Joe Alessandroni has his finger on the pulse when it comes to spirits, cocktails and glamorous bars
What’s a spirit evangelist, we ask Joe Alessandroni five minutes after we meet. It’s a legitimate question. Apart from a more glamorous title as creative director of Crafty, the team responsible for Proof & Co’s group of venue, Alessandroni also wears the hat of said ‘spirit evangelist’.
“Mostly it entails a lot of research and development,” he answers. “So we come up with everything from the concept to the beverage menu, to coordinating with the designers on the layout and equipment. We kind of coordinate the whole project together and help build bars that are then ready to be passed off to talented bar teams. We give them the tools they need to succeed.”
But it’s not all R&D for the 39-yearold, who started in the business more than 15 years ago as a bartender in the US and worked his way up to a long string of accolades. Alessandroni still likes to get behind the bar, and makes an effort to do so once a week at Junior, the intimate 12-seater pocket bar on Cook Street in Tanjong Pagar.
The bulk of his time, however, is taken up with overseeing projects and concept development for clients, such as Manhattan, which recently raced up the rankings to become the world’s number 3 bar, according to The World’s
50 Best Bars. Then there is the muchtalked-about reinvention of the Raffles Sling for the newly relaunched Long Bar at the Raffles Hotel, and work on the rest of the property’s watering holes. Alongside, Alessandroni is also busy with Jerry, “a pretty comprehensive online beverage training platform that’s covering everything from spirits knowledge to cocktail operations and leadership and sort of back of the house stuff.”
It is plenty to keep one busy, but he managed to squeeze in some time for a quick catch up.
Tell us about your work with Long Bar.
Most of the time what we’re really looking to do with the concept is to create a context for why people should be there. Usually when you’re starting from scratch, that’s one of the biggest challenges— creating a sense of place, a feeling. It is not often you get a bar that already has a history and a sense of place and tradition. That I got to be a part of that with this project and sort of help bring it into the modern age of bars is really really cool, kind of a once-in-a-lifetime experience.
What’s the most challenging bit about being a spirit evangelist?
Knowing when to let go. We work behind the scenes and we’re there to help set people up for success. But ultimately these bars will become great bars when somebody is there everyday putting their heart and soul into it, putting their personality into it. It’s not ours to run.

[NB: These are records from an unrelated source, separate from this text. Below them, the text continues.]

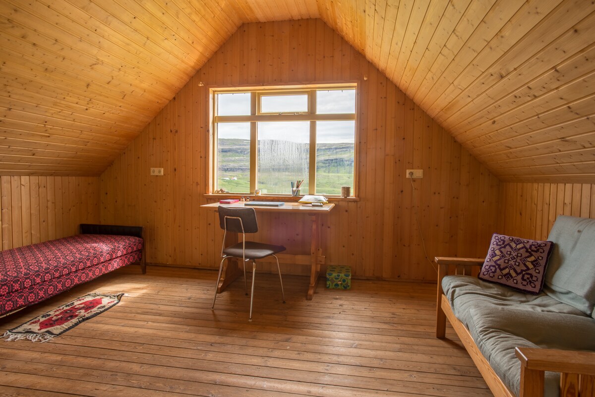 Для всіх, хто віддає перевагу віддаленому оточенню та тихої природи. У номері є два ліжка (двоспальні або односпальні на ваш вибір), повна постільна білизна та сніданок. Кімната має чудовий вид! Кухонне приладдя для гостей. Якщо ми зв 'язувалися заздалегідь, ми могли б приготувати вам вечерю з нашим дивовижним меню. Спільна вітальня/зал для сніданку, спільна ванна кімната з душем. Колишній сарай також є спільним приміщенням - з великим вікном, що виходить на затоку Брейдафьордюр.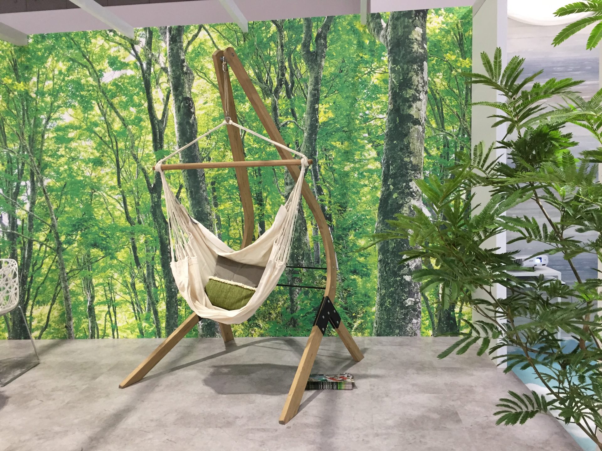 デジタルプリント〜ってこのイメージ。写真のような風景。先ほどのハンモックが似合う。インドア森林浴。さわやか〜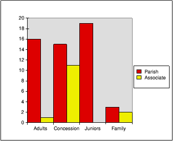 The numbers of members in each category varied considerably between Parish members and Associate members. Parish members are those living within Bishops Waltham, Associate members are those living in surrounding parishes. The numbers of concession members were similar, but there were no Associate Junior members. There were also very few adult Associate members, but there were a similar number of Parish and Associate family members. The focus is on Parish membership as the Parish Council own the lease on the South Pond and the fishing club administer it on behalf of the parish.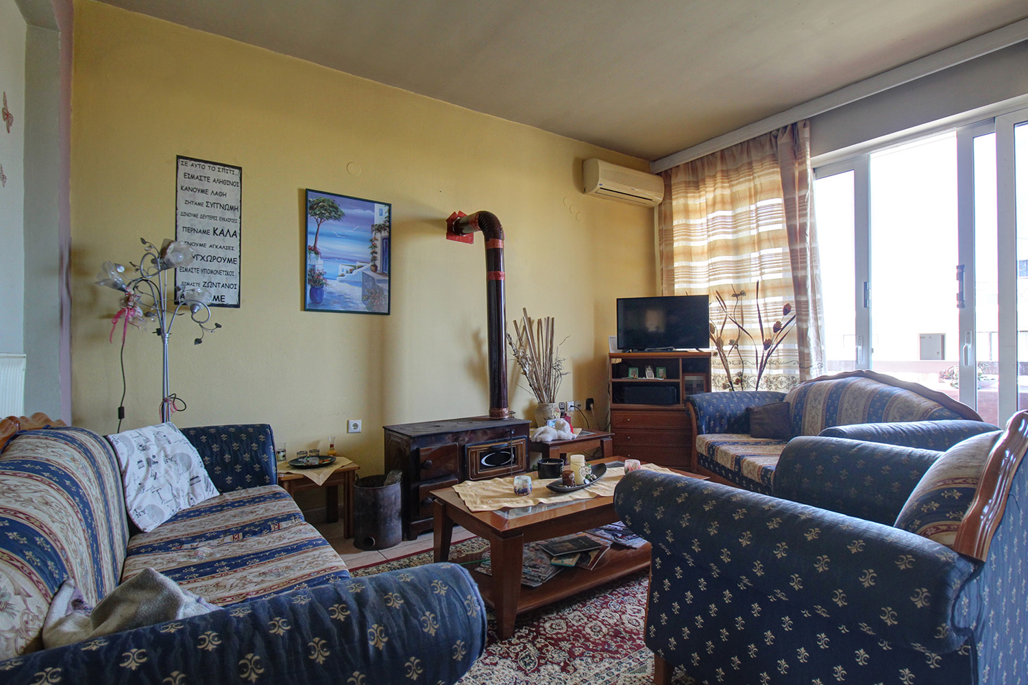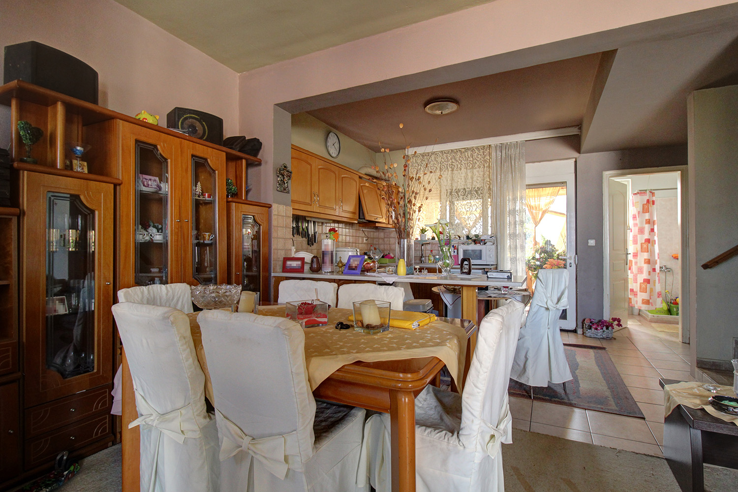 The frontages of the house are oriented to the north and the south so that there are beautiful views up to the sea and plenty of light, respectively. A short staircase leads to the main entrance on the ground floor, which is elevated. Inside, there is a large, open-plan space. From the side of the road there is an exit to a small terrace. On the back side we exit to a courtyard, which is enclosed with awning and constitutes an ideal area for relaxation all the day and all year round. The kitchen is spacious with many cupboards and a large counter while the living room has a wood-burning stove. The ground floor also has a bathroom with a shower. An internal staircase leads upstairs to three bedrooms and a bathroom with a bathtub. Each bedroom has a good-sized, built-in wardrobe and exit to a balcony, in its exclusive use. The two balconies on the north side have beautiful views towards the islet of Agios Theodoros. The staircase of the house leads to the rooftop terrace, which can be configured and may become an additional functional area of the house.
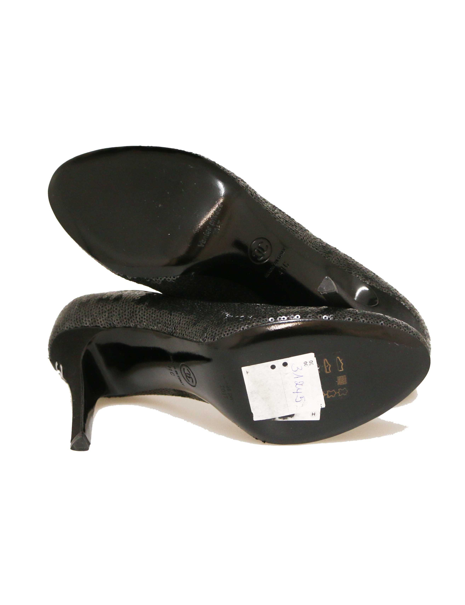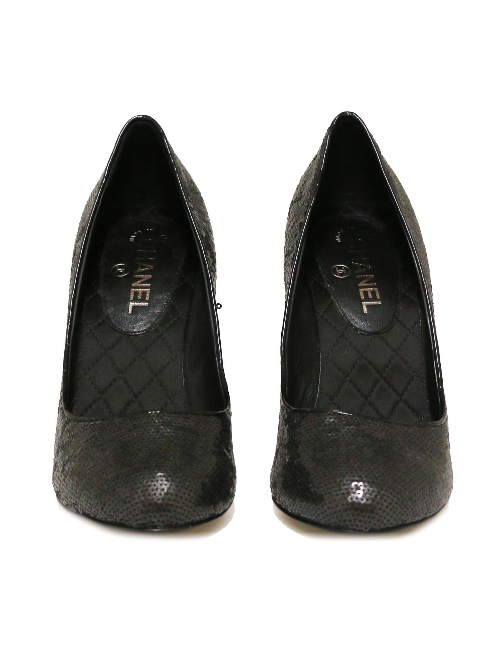 Sold PUMPS - WEDGES CHANEL shoes T 39.5 black leather and silver chain CHANEL 20225 390.00 € The House of Chanel in black leather and silver chain pumps. Open end. Size 39.5. In very good condition. Slight wear to the soles. Height heel: 8,5 cm, length Insole: 25 cm.p > will be delivered in their original Chanel box View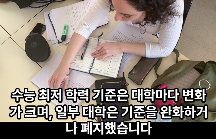 수능 최저 학력 기준은 대학마다 변화가 크며, 일부 대학은 기준을 완화하거나 폐지했습니다.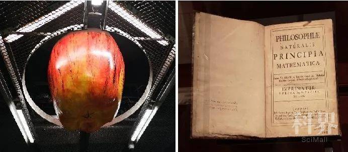 图8. (左)KTH地铁站台上悬挂的巨大苹果;(右)《自然哲学之数学原理》拉丁文首版扉页(点击看大图)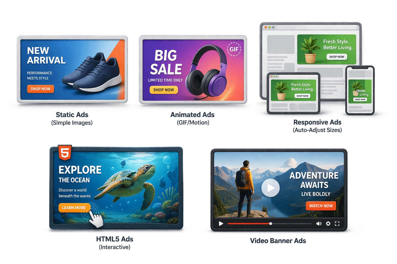 Banner ads are image-based display ads that appear on websites, apps, and platforms like YouTube. They use visuals, text, and a call-to-action to grab attention and drive users to a landing page.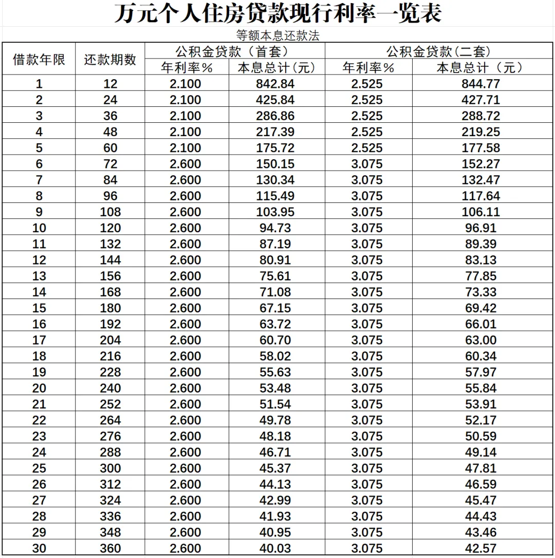 万元个人住房贷款现行利率一览表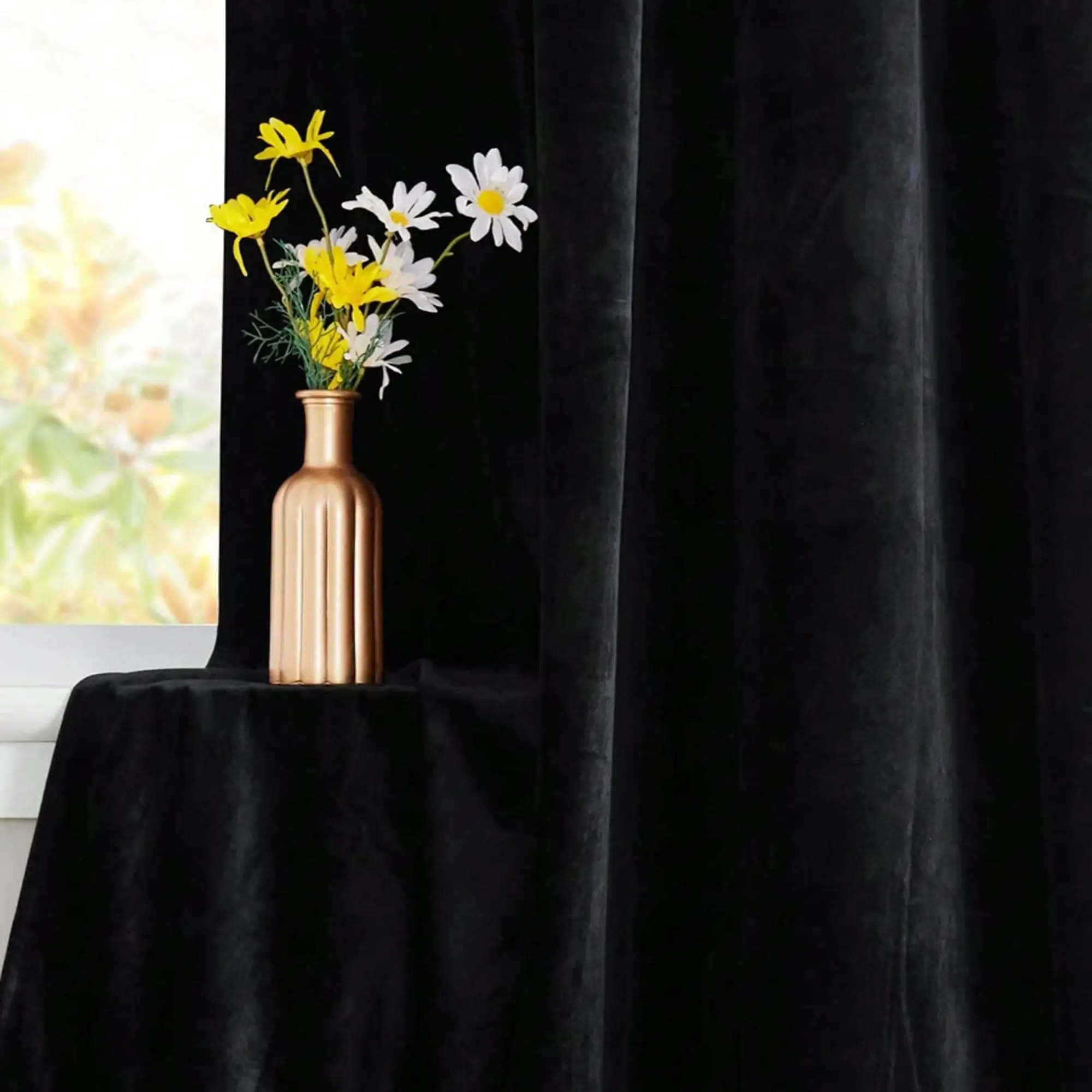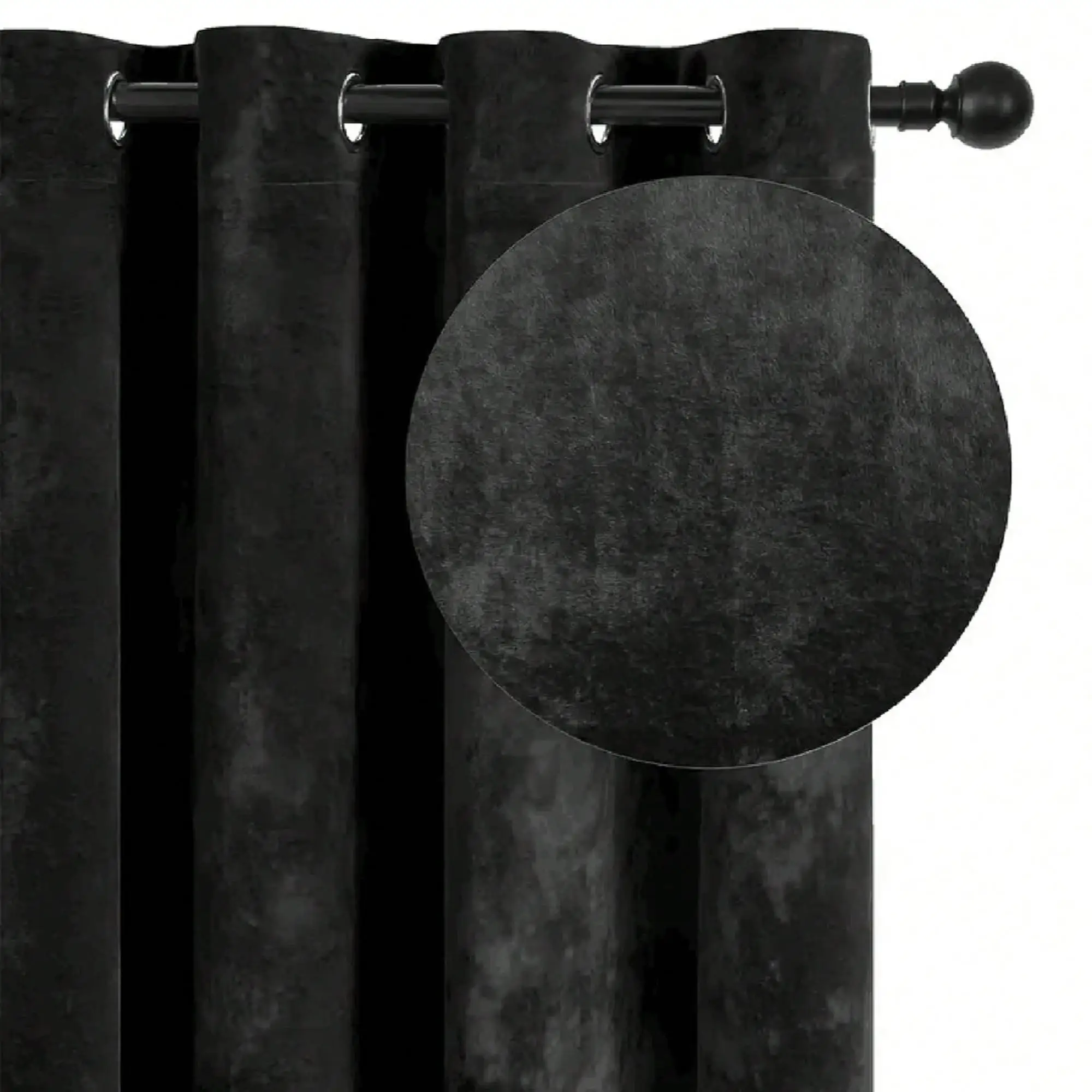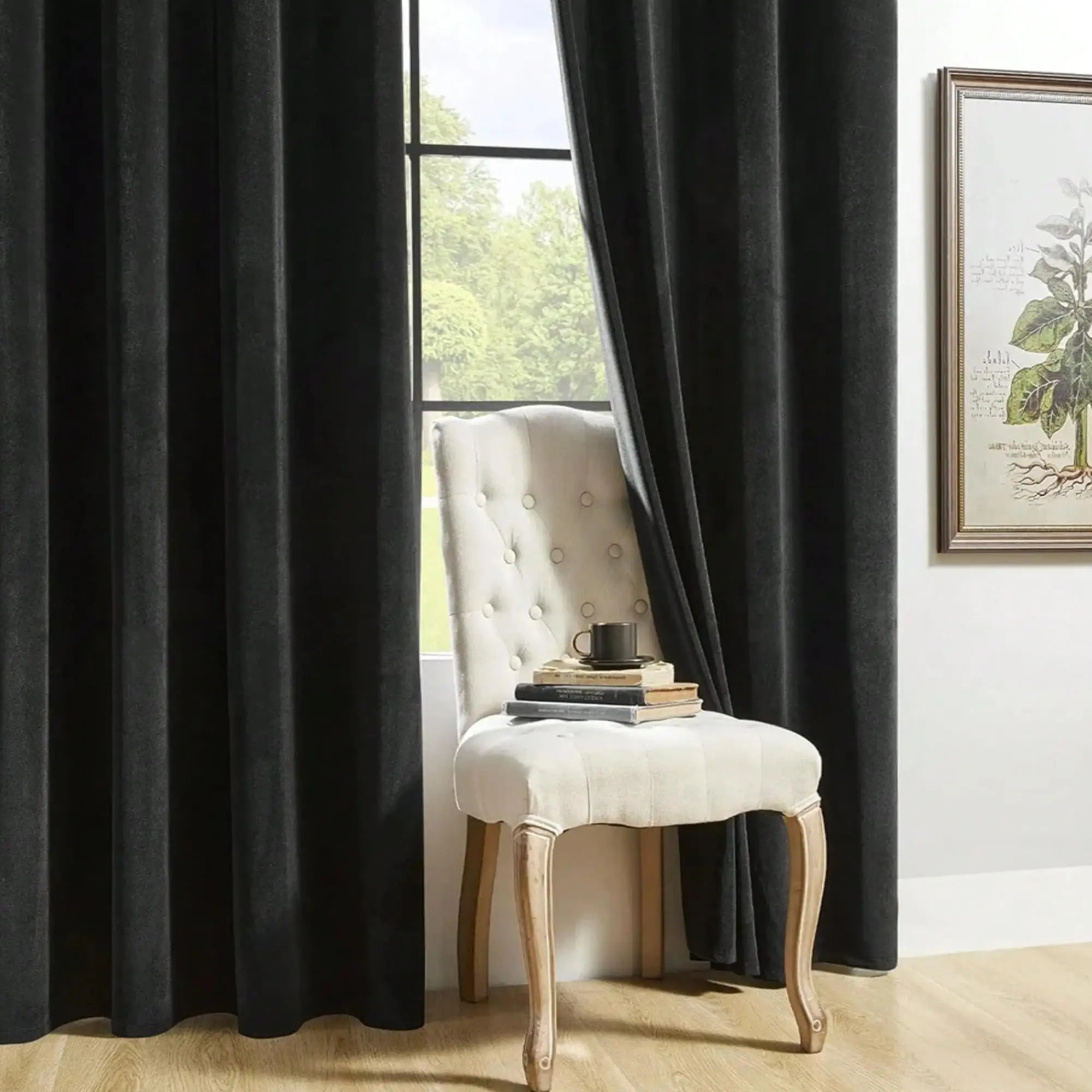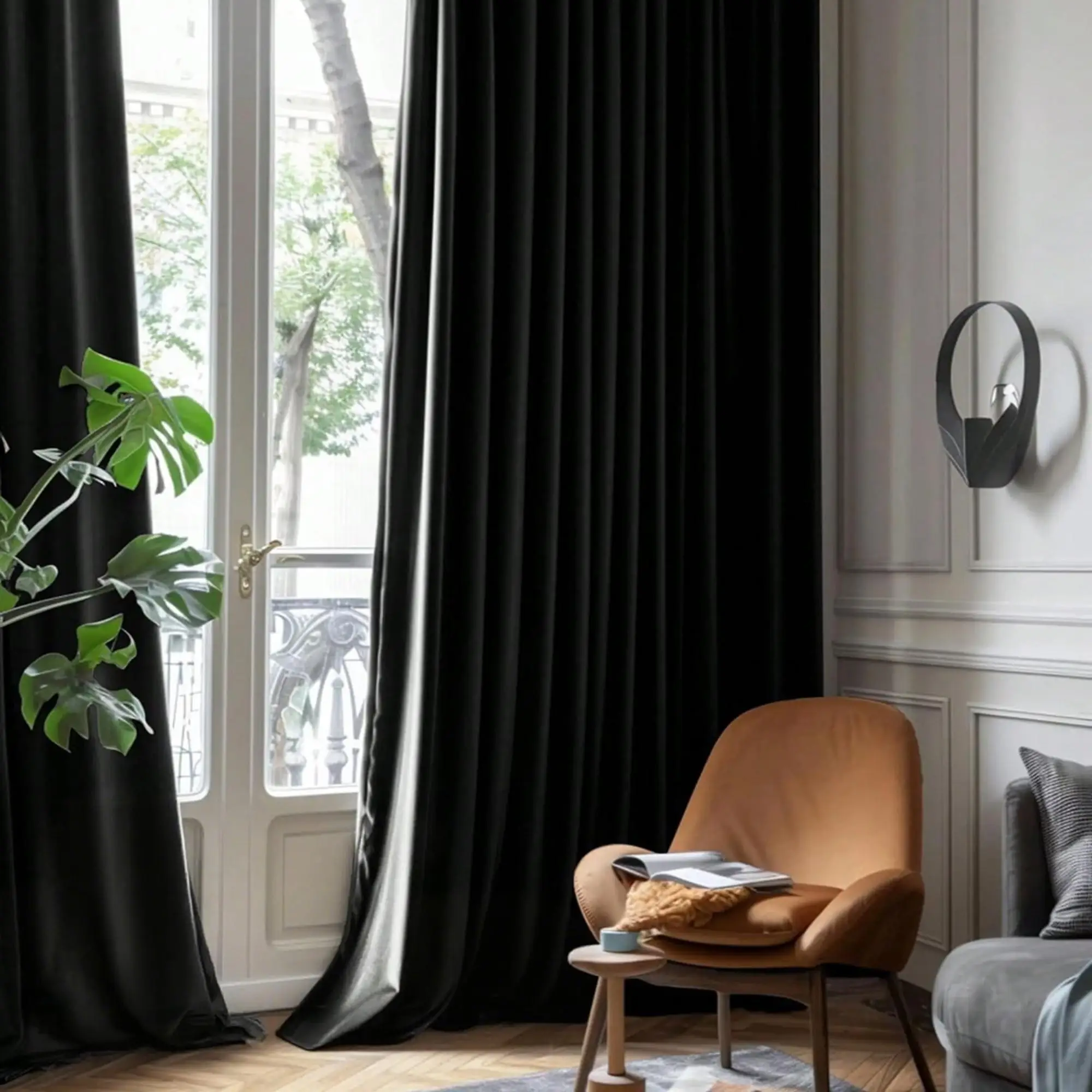 Cortina Blackout de Veludo Preto, Bloqueio de Luz, Proteção UV, Isolamento Térmico, Cortinas Grossas para Sala de Estar, Quarto, Escritório

Do you miss having a bar of your own?
Occasionally. But I don’t miss the 4am closing time. I now have the best of both worlds where I stay involved with talented industry people, I get to work on exciting new concepts and see them come to life—but I am not the guy that gets called at 2am when the dishwasher breaks.
So what’s your favourite cocktail now?
Tommy’s Margarita, which is simply good tequila, fresh lime and agave nectar. It really highlights the difference between different tequilas. It’s simple, but it’s all about the execution and getting the balance just right. And everyone is going to taste a bit different, because the balance of the tequila is going to come out in different ways.
What’s the most exotic spirit in your portfolio right now?
The most exotic is probably some of the raicilla we carry. Raicilla is a lesser known cousin to mezcal and tequila. It’s made with wild grown agaves and really rustic production methods. So you get some really wild flavours that you don’t see so often in the spirits world. We bring in a few of them, including La Venenosa Raicilla Sierre del Tigre, which smells like blue cheese and tastes like chocolatecovered cherries. It’s richer in complexity, it’s funky, it’s just not something you taste everyday… You drink it mostly neat; it’s kind of a sipping spirit.
What’s your pet peeve when you walk into a bar?
Clutter, dirty glassware that hasn’t been cleared. Maybe I notice things that other people don’t see, but to me, all those things take away from the experience.
What do you score top marks for?
Consistency. What really sets a great bar apart from a good one is being able to deliver that same guest experience over and over. There are a lot of places where you go one time, you come back and it’s not as good as you remembered it somehow.
Being able to create that consistent experience means that you’re constantly improving. For somebody to get the same satisfaction from the same experience means that you’re constantly improving. It’s a real achievement to create a place that your guests can return to and always feel like they want to come back again—because there are a lot of choices out there.
What’s most underated in a bar?
The lighting and music. You often don’t notice it when it’s good, it’s only when it’s off that it bothers you for one reason or another. But getting the lighting absolutely right can really set the tone and cover up other gritty bits… I’ve been in some great bars around the world, that in the full light of day are actually quite rough around the edges.
But if you get the lighting just right, it makes people feel good, it makes them comfortable and relaxed. It makes them feel sexy. If you get the lighting just right, any room can be pretty elegant and feel comfortable.
Your own bars and the bars you’ve worked on not withstanding, name one bar that has consistently delivered that great experience for you.
Employees Only. Every time I walk in the door, there’s good energy, the staff is happy, the staff is engaged, and it just has a certain vibe to it.